The problem with this, legally speaking, is that Article III of the Constitution only allows federal courts to hear “cases and controversies”—that is, plaintiffs in lawsuits must show that they’ve actually been harmed, or will soon be harmed, by the defendant. They can’t just claim that they might someday suffer some kind of injury as an indirect result of the defendant’s actions. Not to mention the fact that a car doesn’t have a price in the first place until the moment of sale. Nothing does. There’s no such thing as an abstract “price” of something.
PLF filed a friend of the court brief this week in the Ninth Circuit Court of Appeals, arguing that to allow a lawsuit like this to go forward would give people a sort of permanent veto power over a manufacturer, by which the consumer could sue the manufacturer any time it acts in a way that reduces the potential resale value of a product. People who bought the Microsoft Zune could sue due to the fact that, well, nobody liked the Zune. People who bought Betamax video recorders could have sued Sony for allowing VHS to dominate the market. Purchasers of Procter & Gamble products could sue because Procter & Gamble is rumored to be doing business with Satan. (Um…falsely.)

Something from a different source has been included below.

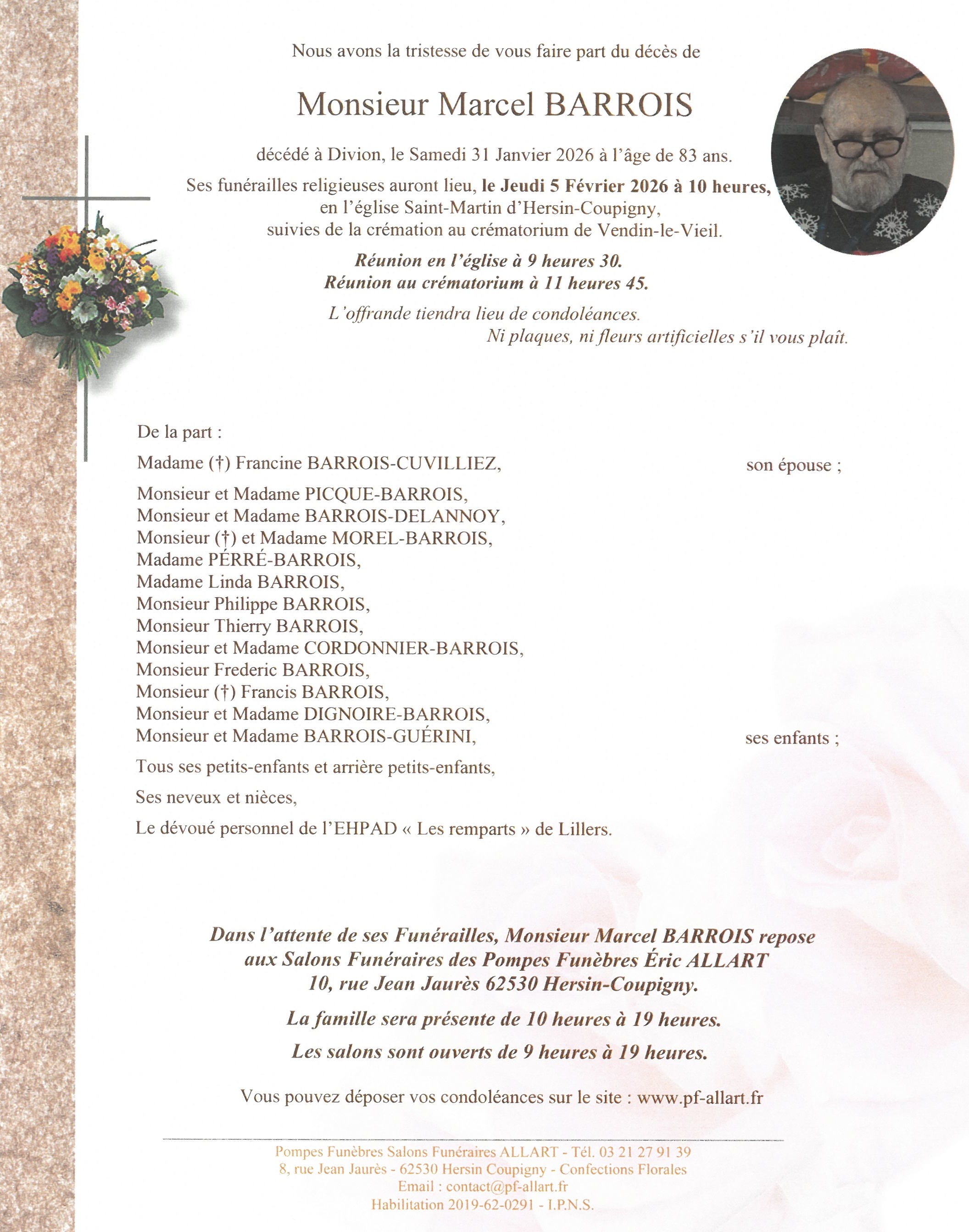 C’est avec une grande tristesse que nous vous annonçons le décès de Marcel BARROIS survenu le samedi 31 janvier 2026 à Divion. La cérémonie se déroulera le jeudi 05 février 2026 à 10h00 à l’adresse suivante : Eglise St Martin - 62530 Hersin-Coupigny.

PLF has argued against these non-injury class action cases before. In Texas and in Florida, for example, trial lawyers sued car makers for a non-existent seat-belt defect. Unfortunately, some state courts have allowed cases like these to proceed—thus giving a judicial blessing to lawsuits in which plaintiffs do not even claim that they’ve been harmed. Class action lawsuit abuse is a multibillion dollar industry in the United States. Sadly, it flourishes only by diverting money from the productive sector of the economy into the pockets of a clever and manipulative plaintiffs’ bar that sees the courts not as a forum for remedying actual harms, but as a device for enriching themselves and squeezing wealth-creating businesses.